雲の重さは数十トン、それでも雲は軽い~『図解・気象学入門―原理からわかる雲・雨・気温・風・天気図』古川武彦×大木勇人氏(2011)
図解・気象学入門―原理からわかる雲・雨・気温・風・天気図 (ブルーバックス)
古川氏は気象学の研究家、大木氏はサイエンスライター、数十トンもある雲が落ちてこないのはなぜ?(2011)
雲の粒
雲はどれも、たくさんの小さな水滴や氷の集まりです。これらを合わせて「雲の粒」と呼ぶことにします。積雲は、ふわふわと軽そうに見えますが、じつはそうではありません。普通に見られる大きさの雲一つをつくる雲の粒の総量は、なんと数十トン以上もあります。
雲が落下しない理由①空気抵抗
雲の粒1個の大きさは、だいたい半径0.01㎜程度です。小さいといっても質量があり、地球の重力が働いています。したがって、雲の粒も落下します。・・・実際の雨粒の落下では、秒速6-7メートルに達したときに、空気による抵抗が重力の大きさと同じになって、力がつり合い、それ以上速さは増えません。・・・空気の抵抗は、物体の表面で生じるので、表面積が大きいほど大きくなります。・・・話を簡単にするために、雨粒が立方体の物体であると仮定し、この立方体を半分に切ってみます。切った断面が新たにできるので、表面積は増えます。・・・粒を小さく分けるほど、受ける空気の抵抗は大きくなっていきます。

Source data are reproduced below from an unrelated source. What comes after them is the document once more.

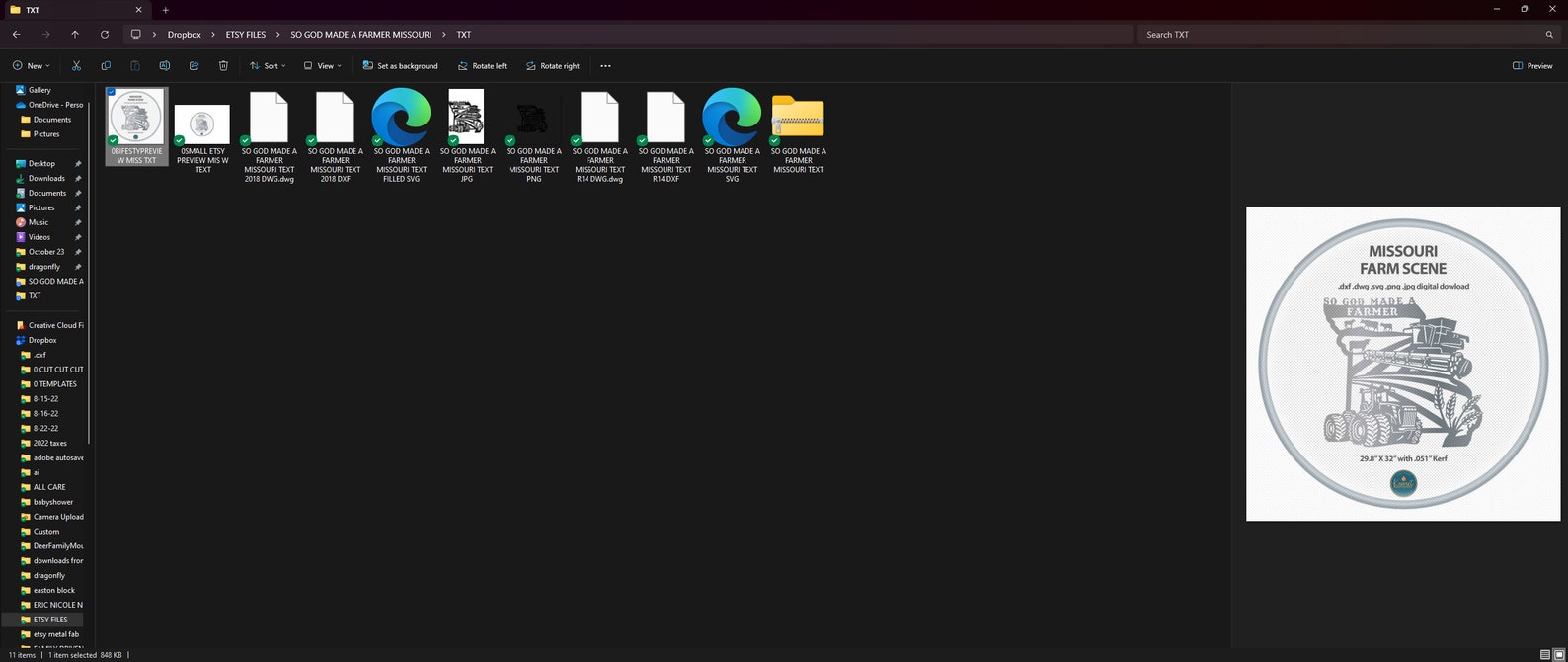 Introducing our missouri sign laser cutting files for cnc, a detailed god made a farmer sign for metal. This farm and combine sign svg, tractor dxf for laser cutters file bundle includes svg jpg png dwg (r14 & 2018) and dxf files (r14 & 2018) for a full collection of file formats to suit your needs. These versatile cutting files are perfect for creating custom plasma cut ranch signs on your cnc machine and feature clean lines and minimal nodes; they have been sheetcam tested for tolerances.
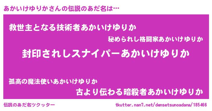 | ヒーロー風カッコイイあだ名 | 『最強戦士アカイケユリカ』 |
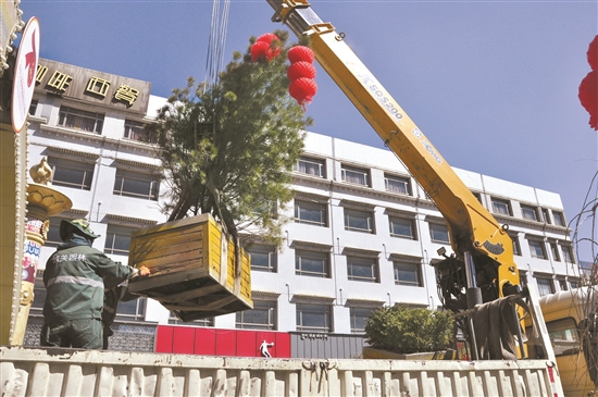 日前,西藏拉薩市城關(guān)區(qū)潔達(dá)園林公司組織工作人員對宇拓路上可移動的景觀花箱進(jìn)行吊裝移除,為下一步更換新的綠化植物做準(zhǔn)備。
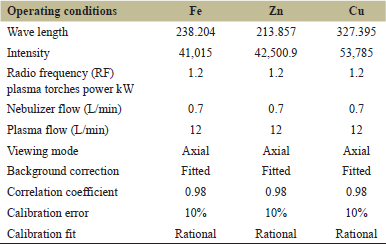 ![]() | Table 1: The operating conditions for the determination of iron, zinc, and copper ions using ICP-OES. [Click here to view] |
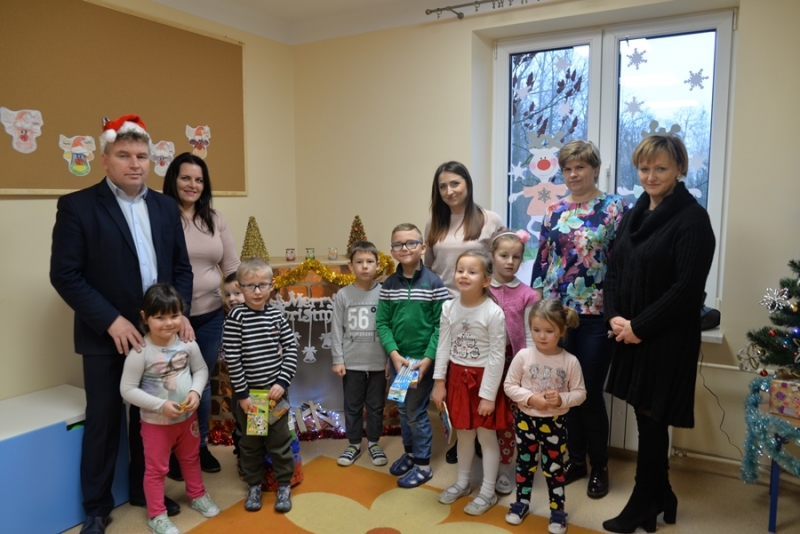 Jak co roku Burmistrz Miasta i Gminy – Pan Jacek Tarnowski odwiedził także najmłodsze pociechy w Zrębinie pomagając Św. Mikołajowi w rozdaniu maluchom słodkich podarunków i edukacyjnych zestawów razem ze skarbnik – Małgorzatą Żugaj i Radną Rady Miejskiej – Anną Śmistek. Ogromna radość i wdzięczny uśmiech to największa zapłata od najmniejszych pociech.

数十トンもある雲が落ちてこない理由の一つは、小さな雲の粒となって表面積を広げているため、落下に気がつかないほど(空気抵抗と重力の大きさが釣り合う)終端速度が遅いということです。(15ページ)
雲が落下しない理由②上昇気流
日射におより地表面のある部分が周囲よりも強く熱せられると、その付近の空気のかたまりが温められて周囲の空気より軽くなり、上空へ浮かびあがります。・・・このように上昇する空気の流れを上昇気流といいます。上昇気流の中にあれば、小さな雲の粒1個1個は気流に支えられ、雲全体も奥手こないと考えることができます。(16ページ)
雲は乾燥した空気より軽い
空気にさらに水蒸気が含まれるとき、水蒸気が入った分だけ、窒素分子や酸素分子が排除されます。・・・このときに排除された窒素の分子量は28、酸素の分子量は32であるのに対し、入れ替わりに入った水蒸気の分子量は18しかありません。つまり、水蒸気を含んだ空気は重くなるどころか、軽くなるのが事実です。(24ページ)
空気は重い
ふわふわした雲は軽い綿菓子の様である。その雲全体としてみれば数十トンもの重さになるという。雲の粒一つ一つは小さく空気抵抗が増えて落下しない。
更に我々の直観を裏切るのは、雲は水蒸気を含む分だけ乾燥した空気より軽い。湿った空気は~4%程度の水を含み、窒素・酸素に次ぐ構成比となる。この湿った空気=雲に比べ、乾燥した空気は更に重たくなる。
我々は空気の重さを直接感じることはない。空に浮かぶ雲は、空気の重さを感じさせてくれる。